Smartfony Apple z dopisanym “S” przy modelu to iPhone’y ulepszone względem pierwotnej wersji. Sprawa ma się tak samo z iPhonem XS. Po tym, jak nowy iPhone X zrewolucjonizował nasze spojrzenie na smartfony, z niecierpliwością czekaliśmy na wyjście jego ulepszonej wersji.
W obecnej chwili mamy do niej dostęp już od roku, została ogłoszona razem z iPhonem XS MAX, który w zasadzie różni się od XS jedynie wielkością ekranu (i pojemniejszym akumulatorem, pozwalającym na odpowiednie zasilanie tegoż ekranu). Co zatem zostało poprawione i czy warto wybrać iPhone XS zamiast podstawowej wersji X?
Porównanie wyglądu
Wartość estetyczna iPhone’a w nowej wersji nie wzrosła w żadnym stopniu. Dla osób z niewprawionym okiem do porównywania każdego szczegółu iPhone’ów będą one identyczne. Oba modele mają tę samą przekątną ekranu (5,8”), a ich LED-owe wyświetlacze — identyczną rozdzielczość, jasność i gamę kolorów; oba posiadają także funkcję 3D Touch. Różnicę w wyglądzie przynosi jedynie już wspomniany iPhone XS MAX, która ogranicza się do większych wymiarów urządzenia, a tym samym wyświetlacza o większej rozdzielczości.

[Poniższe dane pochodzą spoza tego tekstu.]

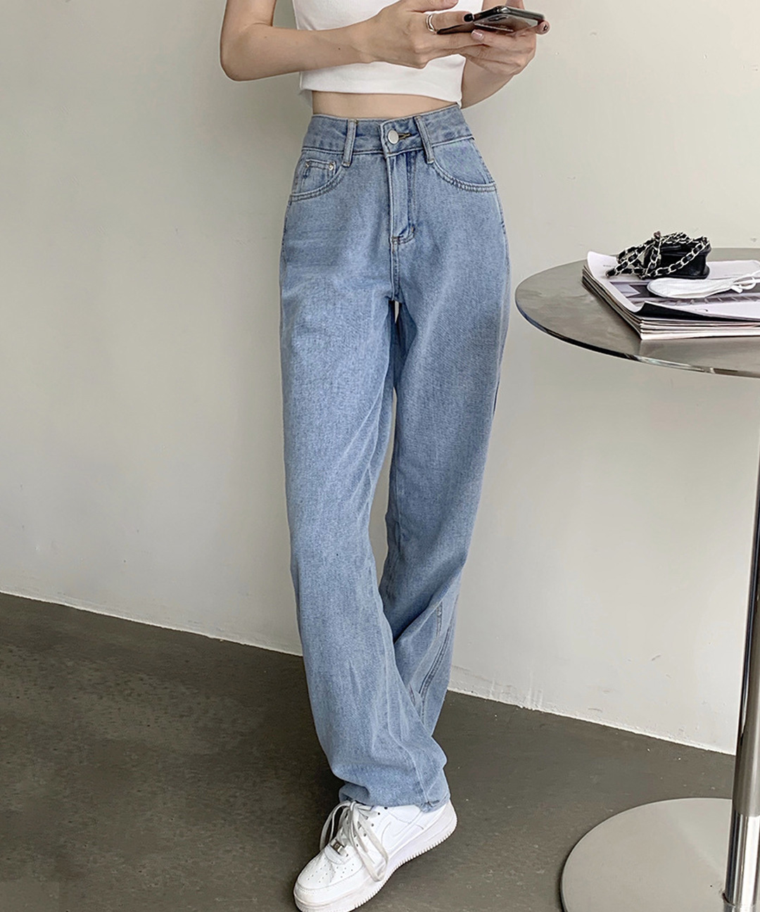 👖[M~XXL]하이웨스트 와이드 팬츠 여자청바지 통넓은 여성데님 키작녀 연청바지 블루메이즈
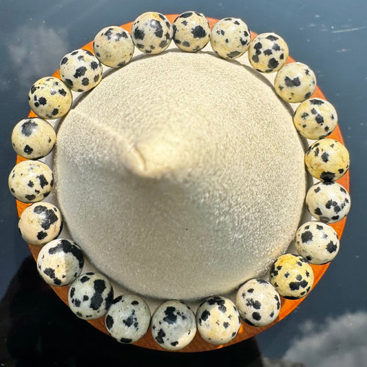• Pulsera elástica de Jaspe Dálmata (bolas 8mm) de Brasil - Alegría y Protección | Magicka Shop SKU PULS-JASPDALM-B8
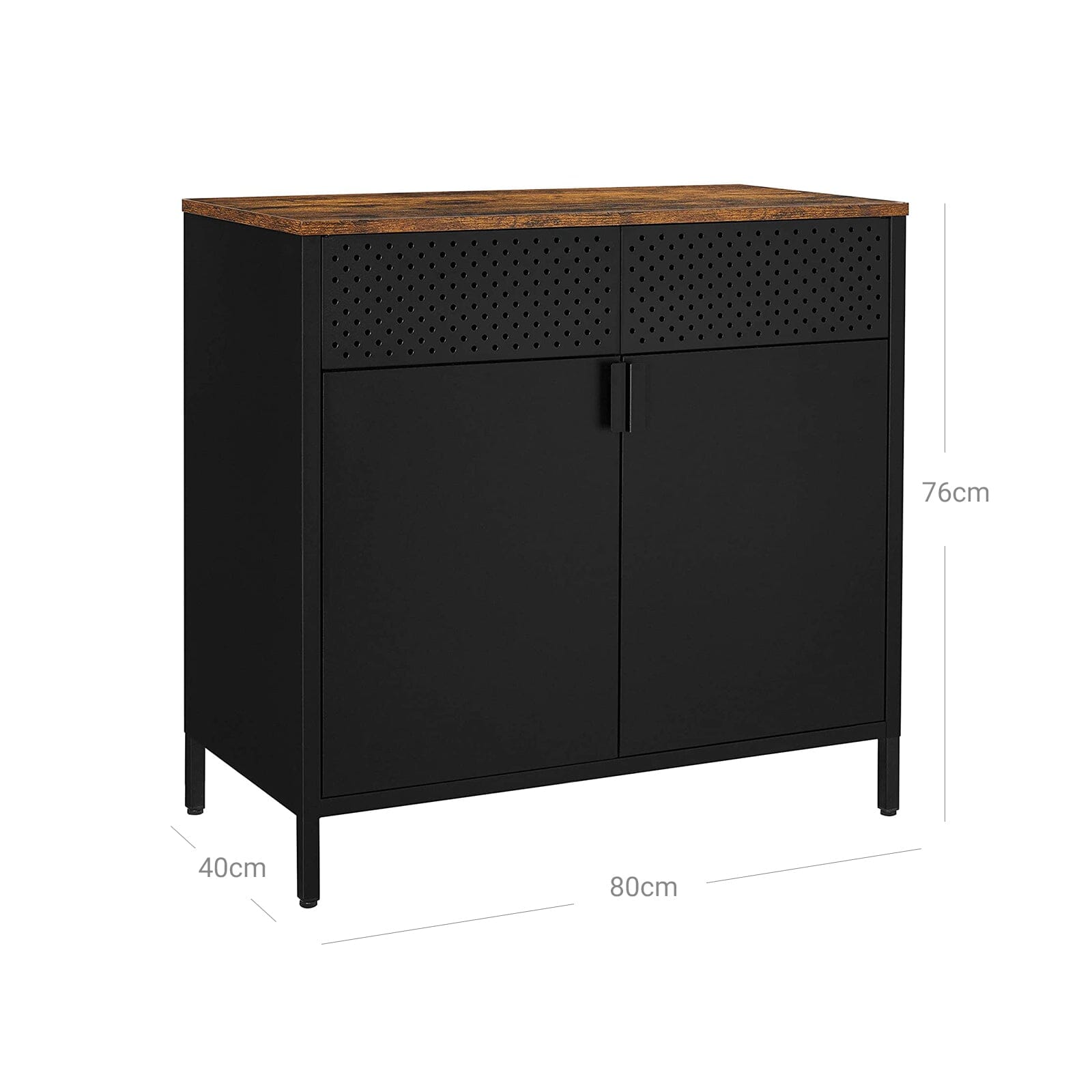 Stilfuldt hjem: Rustik træplade og sort metalramme til et opbevaringsskab i industriel stil, der er perfekt til at vise dekorationer frem og gemme grimme ting og sager væk. Højdejusterbar hylde, så den passer til dine behov.
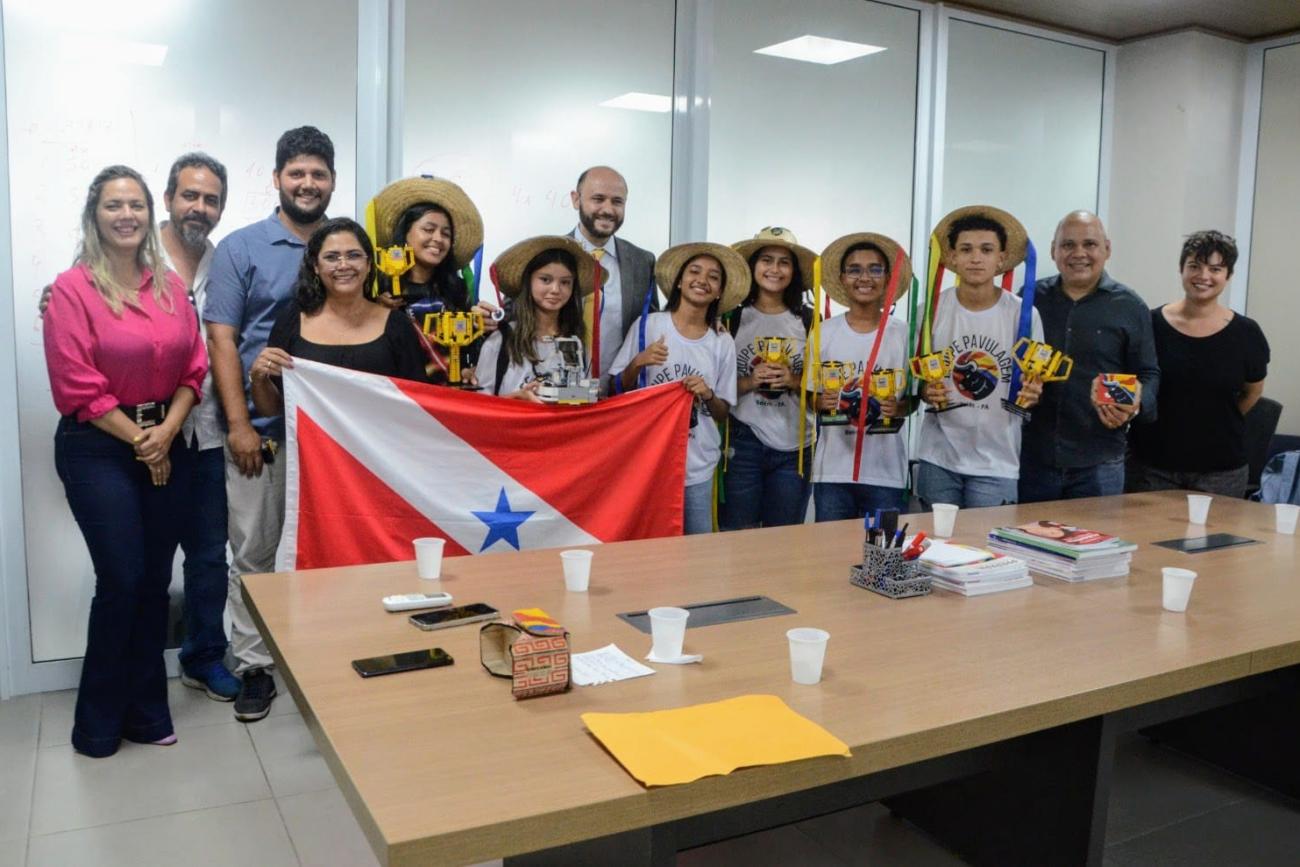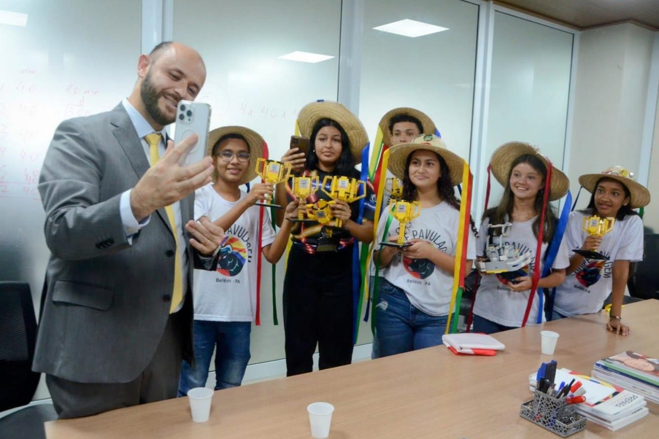 Os estudantes da rede estadual de ensino, que conquistaram o segundo lugar na etapa estadual do Torneio Sesi de Robótica - First Lego League Challeng e vão disputar a fase nacional da competição em Brasília no dia 28 de fevereiro, foram recebidos pelo secretário de Estado de Educação do Pará, Rossieli Soares, na sede da Seduc, na tarde desta terça-feira (6). Na ocasião, os estudantes puderam, inclusive, entoar o canto de garra para o governador Helder Barbalho por videochamada realizada pelo secretário.

Pragnąc odmiany wizualnej po iPhonie X, można sięgnąć po nowy kolor iPhone’a XS. Dostępny jest on bowiem w kolorze złotym, podczas gdy dziesiątkę można zakupić jedynie srebrną lub szarą.
iPhone XS a X
Zaczynając od najmniej imponujących kwestii, czas pracy baterii iPhone’a XS został wydłużony o pół godziny w porównaniu z dziesiątką. Ulepszono także odporność na pył, zachlapania i wodę, uzyskując klasę IP68 w porównaniu z poprzednią klasą IP67.
XS wytrzymuje zanurzony przed 30 minut do 2 metrów, podczas gdy X – tylko do 1 metra. XS jest także dostępny w trzech wersjach pojemnościowych, w tym w wersji z pojemnością aż 512 GB. Dla porównania dziesiątkę zakupimy z pojemnością 64 GB lub 256 GB. Oznacza to, że w iPhone XS daje nam możliwość przechowywania dwukrotnie większej ilości danych od najpojemniejszej dziesiątki.
Ulepszona wersja iPhone XS zaprezentowała po raz pierwszy w historii iPhone’a dual SIM, który był już wcześniej znany osobom korzystającym z Androida. Nie chodzi tutaj jednak o dwa osobne sloty na karty SIM, ale o możliwość korzystania z eSIM równocześnie z nano-SIM. Rewolucyjne Face ID w dziesiątce zostało jeszcze ulepszone w wersji XS. Pierwsza wersja Face ID miała swoje wady — mogła sprawiać trudność osobom noszącym okulary lub inne akcesoria i nie rozpoznawała twarzy pod wszystkimi możliwymi kątami, co mogło irytować szczególnie podczas korzystania z iPhone’a w samochodzie podczas podróży.
Trudno również nie wspomnieć o nowym procesorze – chip A12 Bionic z ośmiordzeniowym mechanizmem do uczenia maszynowego oraz systemem “Neutral Engine”. Pozwala on m.in. na niemożliwe dotychczas doświadczenia gamingowe na smartfonie.
Podwójny aparat tylny
Największą jednak różnicę wydają się stanowić aparaty. Podczas gdy iPhone X posiadał aparat 12 MP z obiektywem szerokokątnym i teleobiektywem – iPhone XS ma je aż dwa, i to z dwukrotnym zoomem optycznym. Nowa wersja iPhone’a oferuje również funkcję kontroli głębi ostrości w trybie portretowym, różne efekty oświetlenia i tryb Smart HDR. Ulepszony został również aparat przedni oraz funkcja nagrywania filmów.